Ш

Шаверма, фалафель, смузи. 24 часа

Татьяна бежала по солнечным улицам Питера и удивлялась тому, как странно работала ее память. Вчера, когда в библиотеку заявились школьники, она не смогла вспомнить и первых строчек Онегина, а сегодня всю дорогу домой в ее голове звучат пушкинские строфы. Татьяна почувствовала, как на нее брызнула вода. Татьяна не удивилась — как ленинградка в третьем поколении, она знала про способность питерского дождя пойти даже в самый погожий денек. Татьяна подняла голову и увидела улыбающегося ей то ли киргиза, то ли узбека — она никогда не могла разобрать разницы и жутко этого стеснялась. Поэтому, как интеллигентный человек, стала всех приезжих называть «гостями Северной столицы». Так вот, этот самый гость стоял на лестнице и струей воды с сильным напором мыл витрину. Он выключил воду, давая возможность Татьяне пройти. Татьяна заглянула в стеклянную витрину, увидела ряды деревянных столиков, барную стойку. Татьяна забеспокоилась, что при плохой вентиляции в ее квартире этажом выше всегда будет пахнуть жареным. Татьяна вежливо улыбнулась и спросила, что за кафе открывается. Гость улыбался и молчал. Татьяна так и не поняла, все дело было в незнании им русского языка или секрете, который он обещал хранить владельцам заведения. Татьяна кивнула своим мыслям и направилась домой.

Как обычно вечером, когда дочь Татьяны Лиза засыпала, Татьяна включала прикроватную лампу и принималась за чтение. Сегодня сосредоточиться было сложнее. Только герои книги Марины Степновой «Сад» уносили Татьяну в девятнадцатый век, как шум проезжающих по проспекту машин возвращал ее в день сегодняшний. Татьяна встала, подошла к окну и плотно его закрыла. Прислушалась. Стало тихо — Татьяна еще раз внутренне похвалила себя за правильное решение, принятое несколько лет назад — поменять деревянные окна на пластиковые. Татьяна принюхалась. Жареным не пахло. Татьяна успокоилась и вернулась к чтению.

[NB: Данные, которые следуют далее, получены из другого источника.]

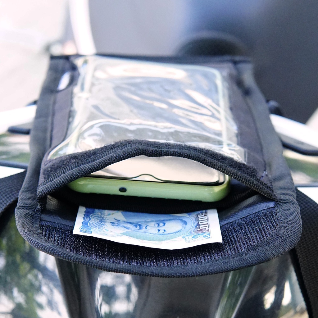 Túi treo đầu xe máy CHIỀU DỌC xem điện thoại, chứa đồ. Đi phượt, chạy Grab. ✔️ Với nhiều ưu điểm vượt trội hơn so với phiên bản cũ ✔️ Màn hình điện thoại để dọc: thuận tiện thao tác khi chạy xe: kể cả nghe gọi và xem google map ✔️ Ngăn chứa đồ lớn hơn, Nhưng vẫn đảm bảo tính nhỏ gọn ✔️ Thiết kế tháo, đóng túi nhanh chóng, dễ dàng ✔️ Đựng được điện thoại, máy ảnh, mắt kính, bao tay, … ✔️ Mặt nhựa dẻo có thể sử dụng được tất cả các loại điện thoại cảm ứng. ✔️ Có lỗ ra 1 bên hông
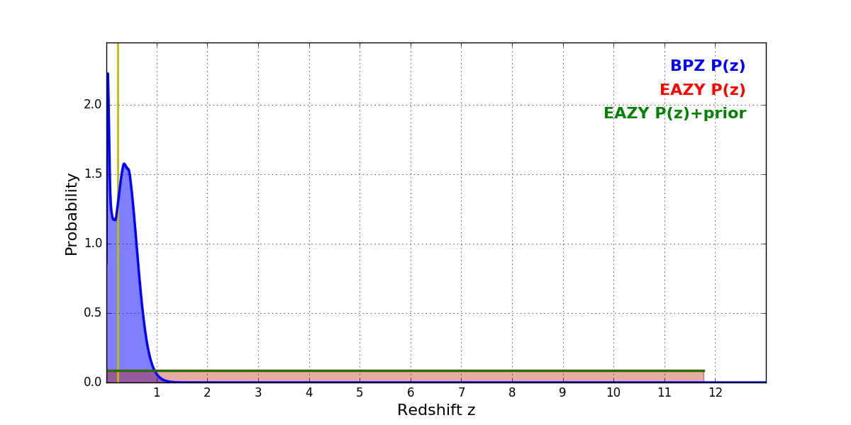 In P(z) plots: Yellow lines mark the cluster redshift z = 0.228,
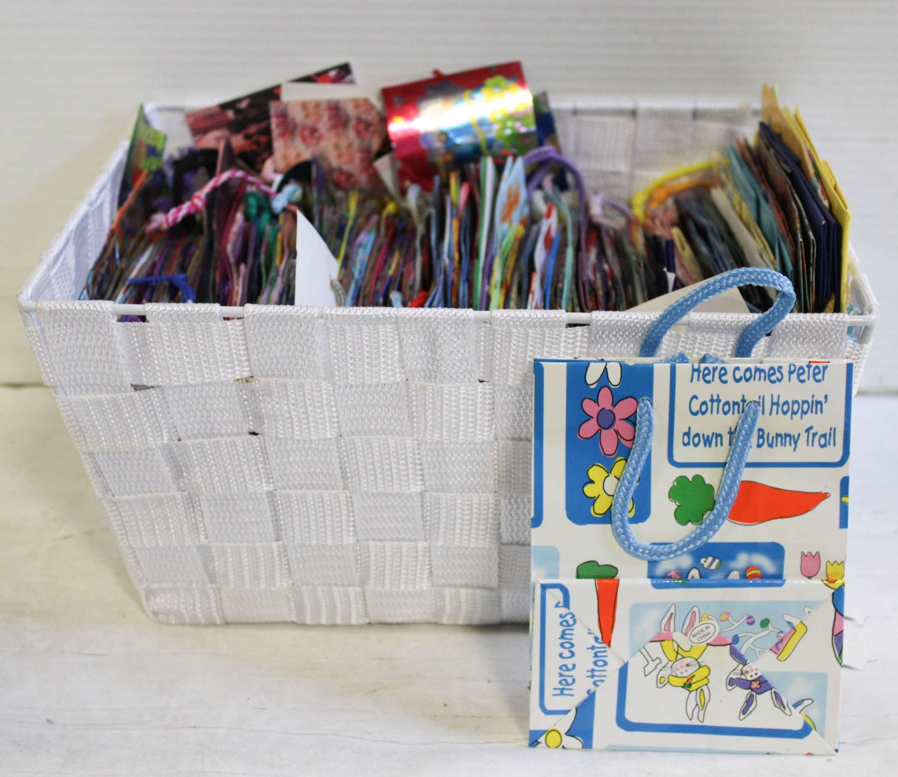 BIN WITH OVER 100 NEW SMALL SIZED GIFT BAGS
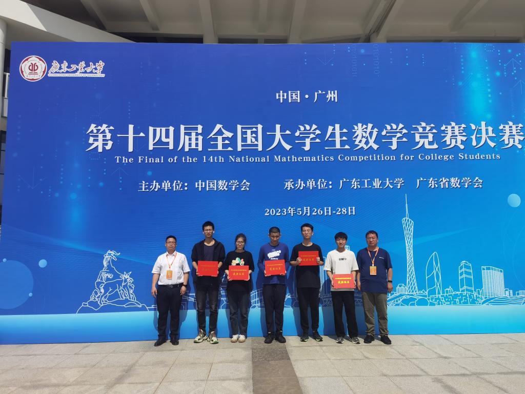 5月27日,第十四届全国大学生数学竞赛决赛在广东工业大学举行,由数学与统计学院尹彦彬、楚彦军两位老师带队,我校5名优秀学生代表河南赛区参加此次决赛,并取得优异成绩!
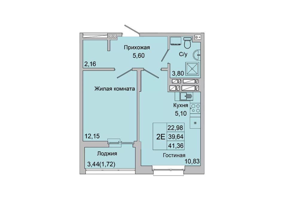Общая площадь41,36 м²
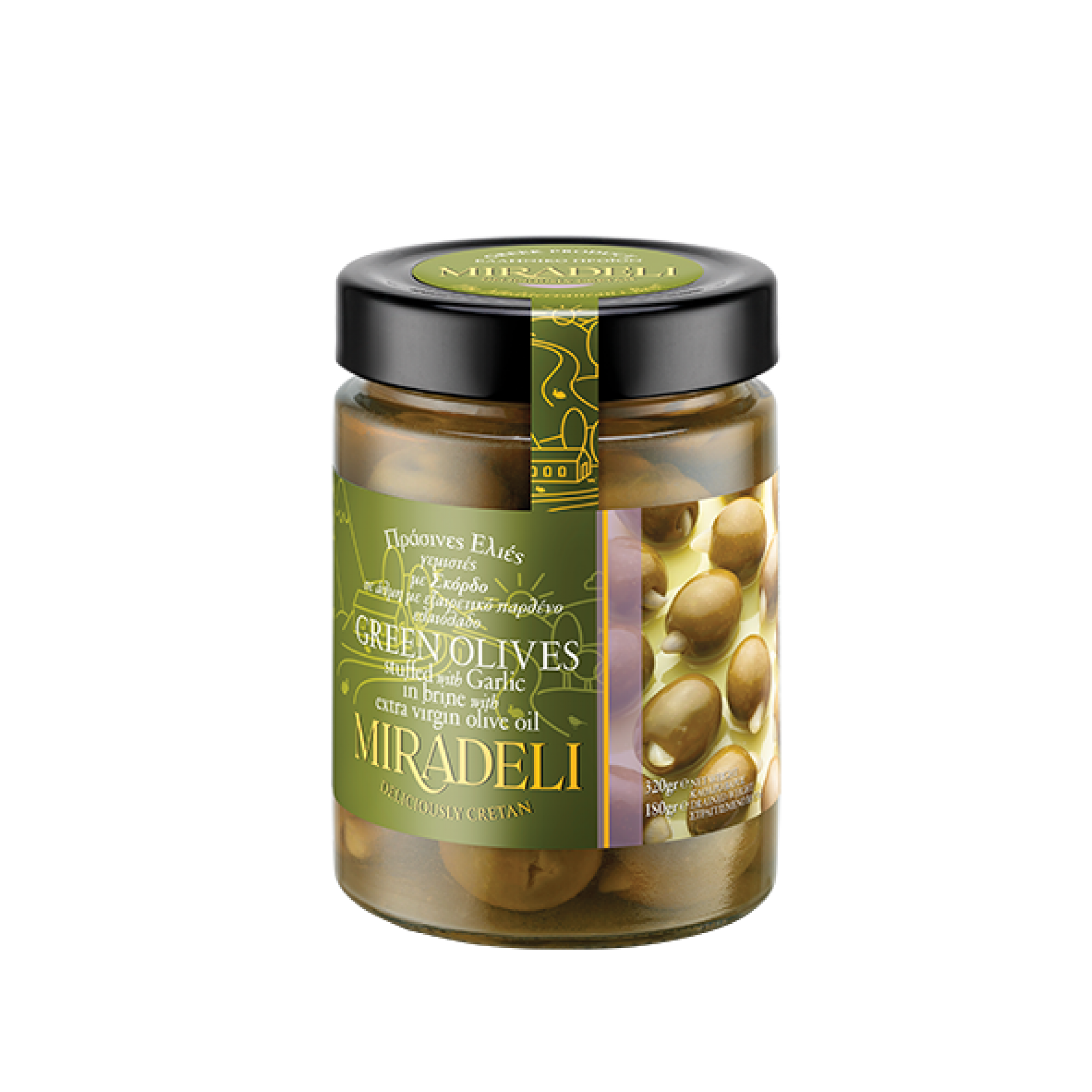 Sočne i hrskave zelene masline, punjene bijelim lukom, konzervirane u slanoj otopini s dodatkom ekstra djevičanskog maslinovog ulja. Kombinacija intenzivnog okusa masline i aromatičnog bijelog luka čini ovaj proizvod savršenim dodatkom uz razna jela ili kao gurmanski zalogaj.
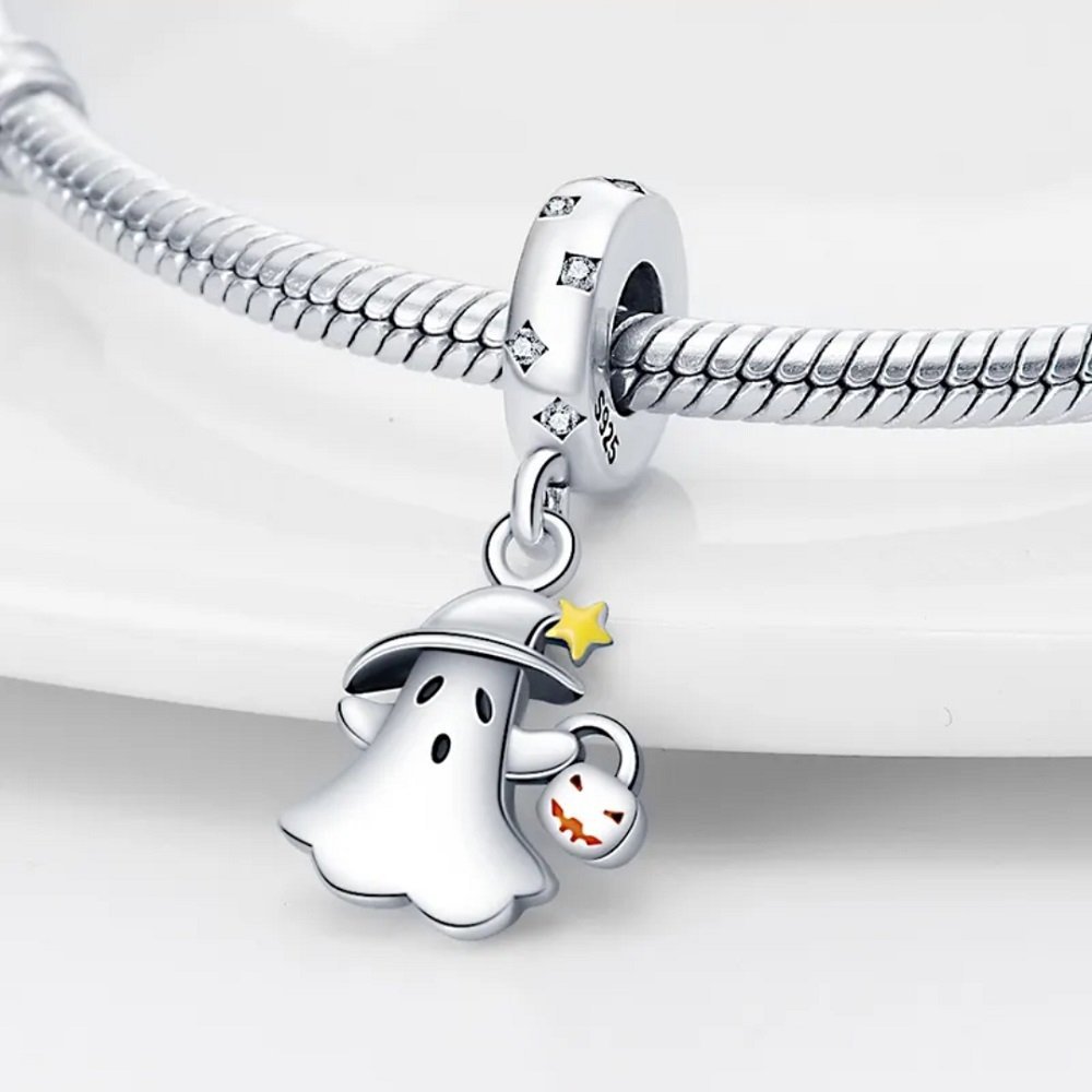Prívesok Duch s tekvicou je hravý a originálny doplnok k modulárnemu náramku, vyrobený z kvalitného striebra rýdzosti 925. Zobrazuje roztomilého ducha oblečeného v bielom plášti so žltou hviezdičkou na klobúku, ktorý v jednej ruke drží vedierko v tvare tekvice s oranžovým úsmevom. Tento detail jasne evokuje tradičného halloweenskeho ducha.
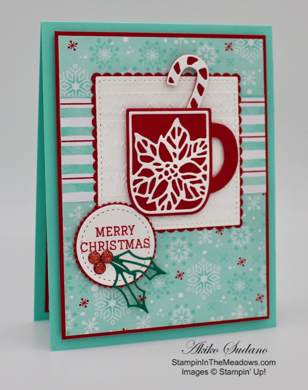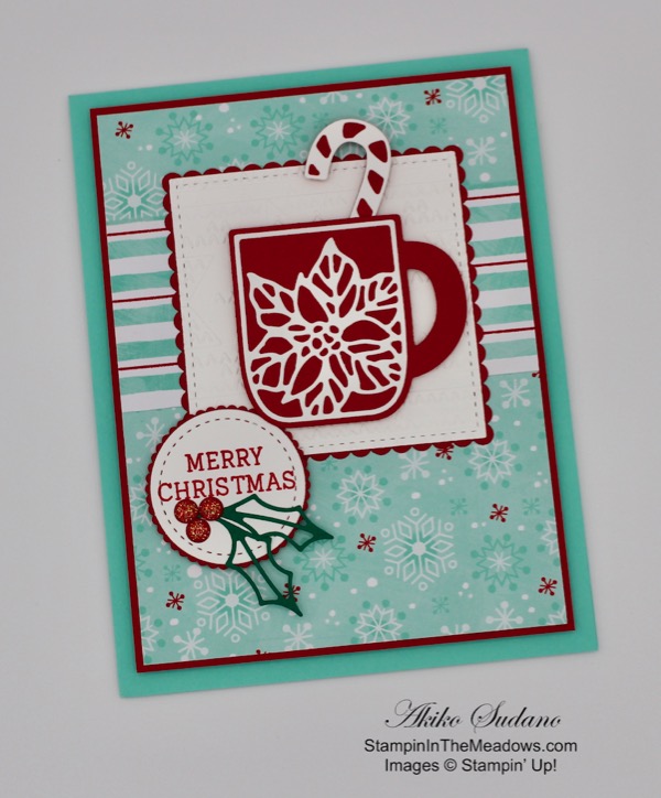 I stamped the Merry Christmas greeting from the Stampin’ Up! Cup of Christmas stamp set in Real Red on a panel of Whisper White and cut it out with a stitched circle die. I matted in a Real Red scalloped circle and added two Shaded Spruce die cut holly leaves and three Real Red enamel glitter dots. I adhered the label to the Let it Snow panel with dimensionals and then adhered the finished panel to a Coastal Cabana card base with dimensionals.
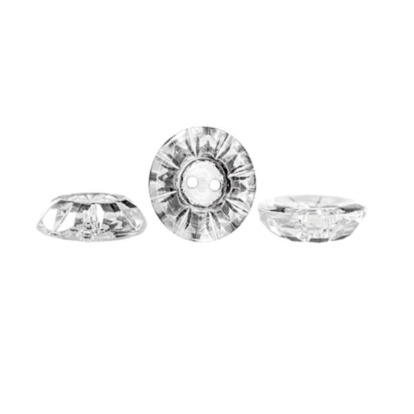 Botão Acrílico com detalhe prateado, modelo sofisticado e delicado, usado para confecção de roupas femininas.
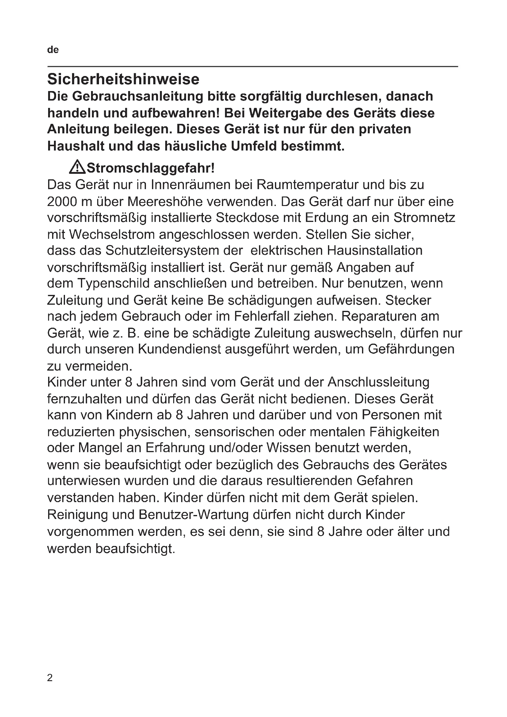 Sicherheitshinweise Die Gebrauchsanleitung bitte sorgfältig durchlesen, danach handeln und aufbewahren! Bei Weitergabe des Geräts diese Anleitung beilegen. Dieses Gerät ist nur für den privaten Haushalt und das häusliche Umfeld bestimmt. W Stromschlaggefahr! Das Gerät nur in Innenräumen bei Raumtemperatur und bis zu 2000 m über Meereshöhe verwenden. Das Gerät darf nur über eine vorschriftsmäßig installierte Steckdose mit Erdung an ein Stromnetz mit Wechselstrom angeschlossen werden. Stellen Sie sicher, dass das Schutzleitersystem der elektrischen Hausinstallation vorschriftsmäßig installiert ist. Gerät nur gemäß Angaben auf dem Typenschild anschließen und betreiben. Nur benutzen, wenn Zuleitung und Gerät keine Be schädigungen aufweisen. Stecker nach jedem Gebrauch oder im Fehlerfall ziehen. Reparaturen am Gerät, wie z. B. eine be schädigte Zuleitung auswechseln, dürfen nur durch unseren Kundendienst ausgeführt werden, um Gefährdungen zu vermeiden. Kinder unter 8 Jahren sind vom Gerät und der Anschlussleitung fernzuhalten und dürfen das Gerät nicht bedienen. Dieses Gerät kann von Kindern ab 8 Jahren und darüber und von Personen mit reduzierten physischen, sensorischen oder mentalen Fähigkeiten oder Mangel an Erfahrung und/oder Wissen benutzt werden, wenn sie beaufsichtigt oder bezüglich des Gebrauchs des Gerätes unterwiesen wurden und die daraus resultierenden Gefahren verstanden haben. Kinder dürfen nicht mit dem Gerät spielen. Reinigung und Benutzer-Wartung dürfen nicht durch Kinder vorgenommen werden, es sei denn, sie sind 8 Jahre oder älter und werden beaufsichtigt.3
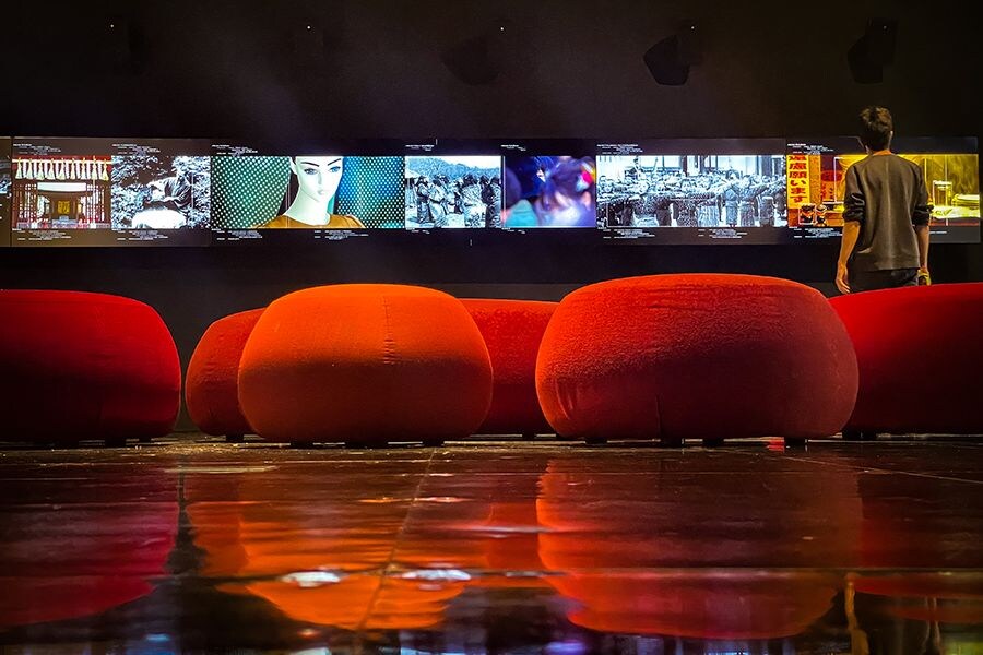 Presented across a line of six screens, the ten and a half minute presentation displays the BFI’s early cinematic views of Japan with new material gathered by The Light Surgeons from across Japan in 2020, which is then analysed in real time by custom AI software. This analysis is displayed in an animated infographic layer, inviting the viewer to contemplate how the understanding of such moments ‘frozen in time’ might be affected by the rise of new and emerging AI technology in the future.
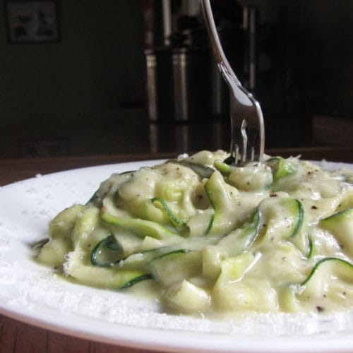 Delicate ribbons of zucchini tossed in a deliciously creamy and secretly healthy “Alfredo” sauce!

Утром в библиотеку к Татьяне прибежала за Поттером Лиза. Дочь Татьяны на две недели уезжала в театральный лагерь, который она ждала целый год. Татьяна протянула Лизе не только книгу о Гарри Поттере, но еще и учебник по обществознанию и талмуд по подготовке к IELTS. Увидев недовольное лицо Лизы, Татьяна отчеканила:

— У тебя две недели. Займешься полезным делом.

Лиза перешла в десятый класс, и Татьяна решила, что пришло время помочь Лизе выстроить счастливое будущее. Лиза пыталась убедить Татьяну, что интересы ее лежат в другом направлении, в кинорежиссуре, но Татьяна была непреклонна. 

— Лиз, ну какой режиссер? У тебя мама не жена олигарха. Да и ты пока в лотерею не выиграла. Первое образование должно быть нормальное — юридическое или экономическое. Чтоб прокормило. А потом поступай куда хочешь.

Лиза стала запихивать книги в рюкзак, демонстрируя, что даже рюкзак сопротивляется обществознанию и английскому. 

— Да я просто в следующий раз возьму книгу у Янки. Ну вот куда мне их засунуть?! 

Татьяна порылась в ящиках и извлекла из них упаковку булочек со сливками, бережно завернутую в пакет из кондитерской «Буше». Татьяна протянула пакет Лизе.  

— Блин, ма! Ну и как ты себе это представляешь?! Я с пакетом поеду в лагерь? Жесть!

Татьяна сложила книги в пакет, бросив грустный взгляд на пирожные, добавила их к книгам и поставила на стул перед Лизой. 

— Зубную щетку взяла?

Лиза кивнула и заспешила собираться, так как чувствовала, что начиналась атака материнской заботой. 

— Свитер? — продолжила Татьяна. 

Лиза чмокнула Татьяну, сказав, что взяла все необходимое, и выбежала из здания библиотеки. Татьяна посмотрела на стул, на котором так и остался стоять пакет «Буше». 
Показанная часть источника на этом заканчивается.